## WHAT THIS TASK INVOLVES
Going line by line through the records below, write out everything starting with the line containing "十一月六日,中國國家主席、中央軍委主席胡錦濤在北京人民大會堂會見美國國防部長羅伯特·蓋茨。 中新社發(fā) 廖文靜" and going on through the line containing "Люстра коллекции Prismique", exactly and inclusively. Pictures do not go in.

## SOURCE RECORDS
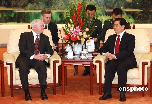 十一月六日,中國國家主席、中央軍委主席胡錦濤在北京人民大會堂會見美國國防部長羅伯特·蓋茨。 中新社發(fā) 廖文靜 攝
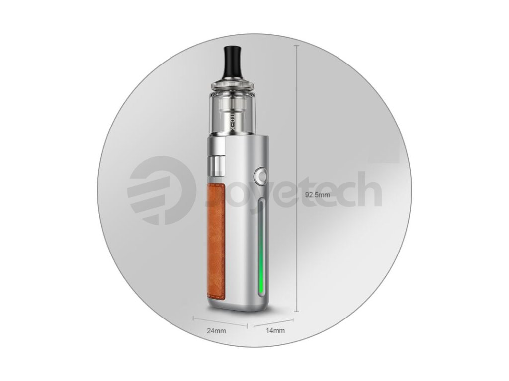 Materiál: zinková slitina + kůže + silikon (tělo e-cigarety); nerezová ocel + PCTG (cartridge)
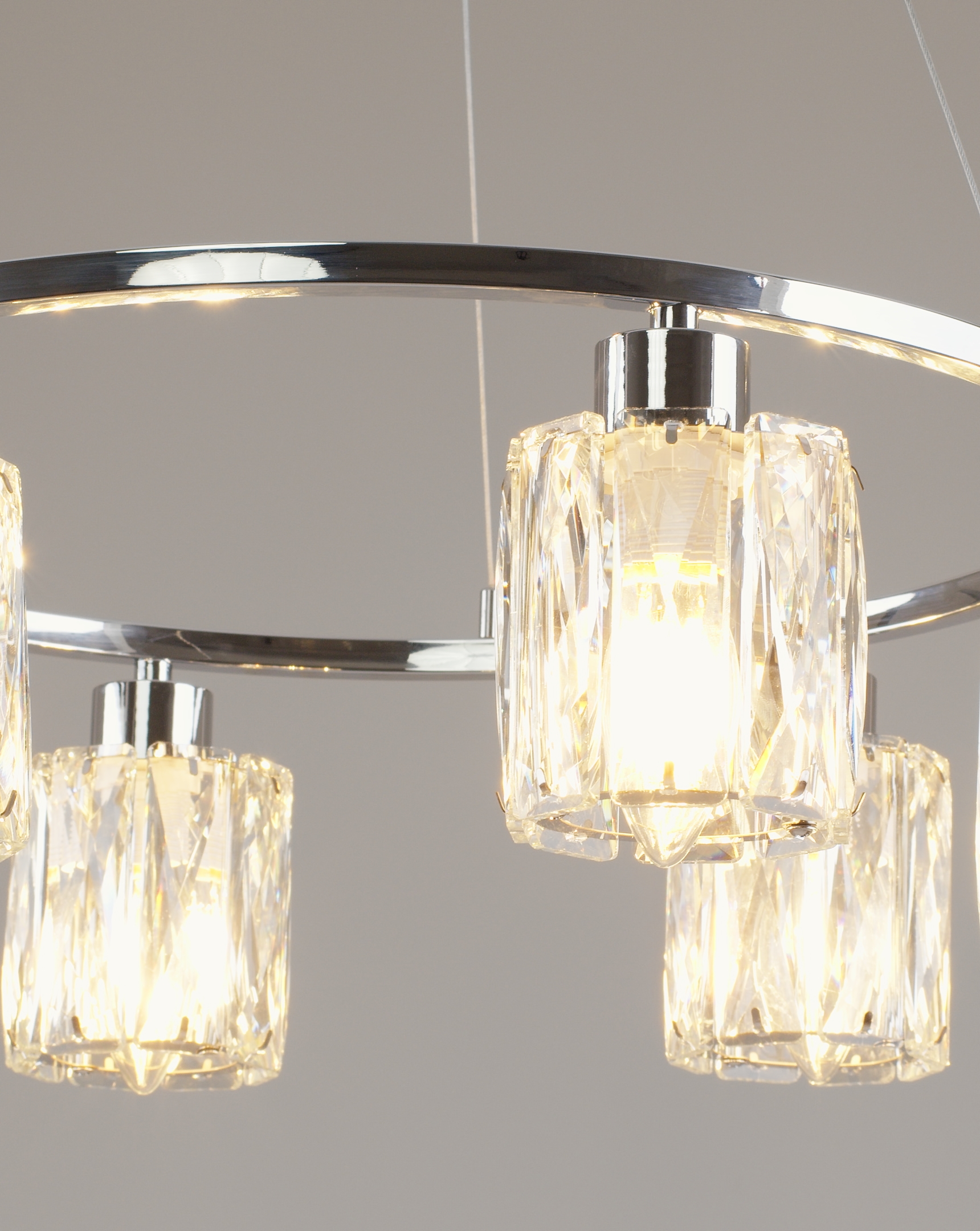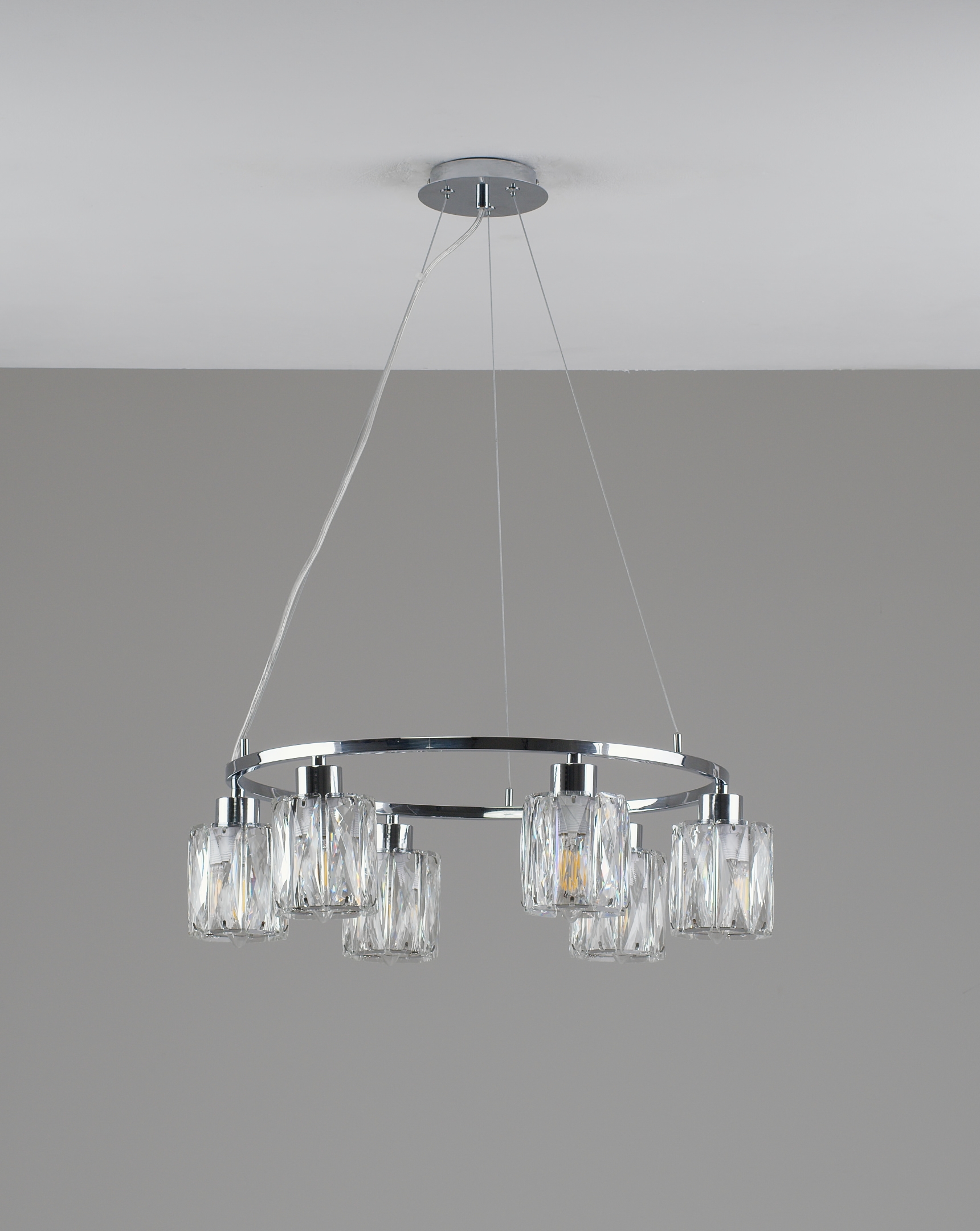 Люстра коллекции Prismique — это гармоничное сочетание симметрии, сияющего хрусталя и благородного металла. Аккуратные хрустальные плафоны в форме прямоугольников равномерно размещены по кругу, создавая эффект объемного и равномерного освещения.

==

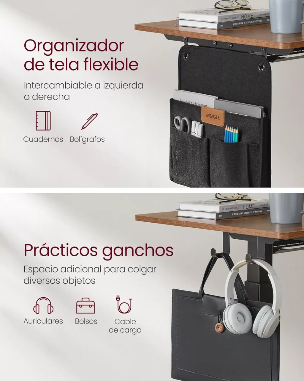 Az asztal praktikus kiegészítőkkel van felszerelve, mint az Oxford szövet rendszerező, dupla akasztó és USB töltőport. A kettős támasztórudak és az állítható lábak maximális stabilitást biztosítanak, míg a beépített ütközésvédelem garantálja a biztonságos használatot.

## ANSWER SPACE
 十一月六日,中國國家主席、中央軍委主席胡錦濤在北京人民大會堂會見美國國防部長羅伯特·蓋茨。 中新社發(fā) 廖文靜 攝
 Materiál: zinková slitina + kůže + silikon (tělo e-cigarety); nerezová ocel + PCTG (cartridge)
 Люстра коллекции Prismique — это гармоничное сочетание симметрии, сияющего хрусталя и благородного металла. Аккуратные хрустальные плафоны в форме прямоугольников равномерно размещены по кругу, создавая эффект объемного и равномерного освещения.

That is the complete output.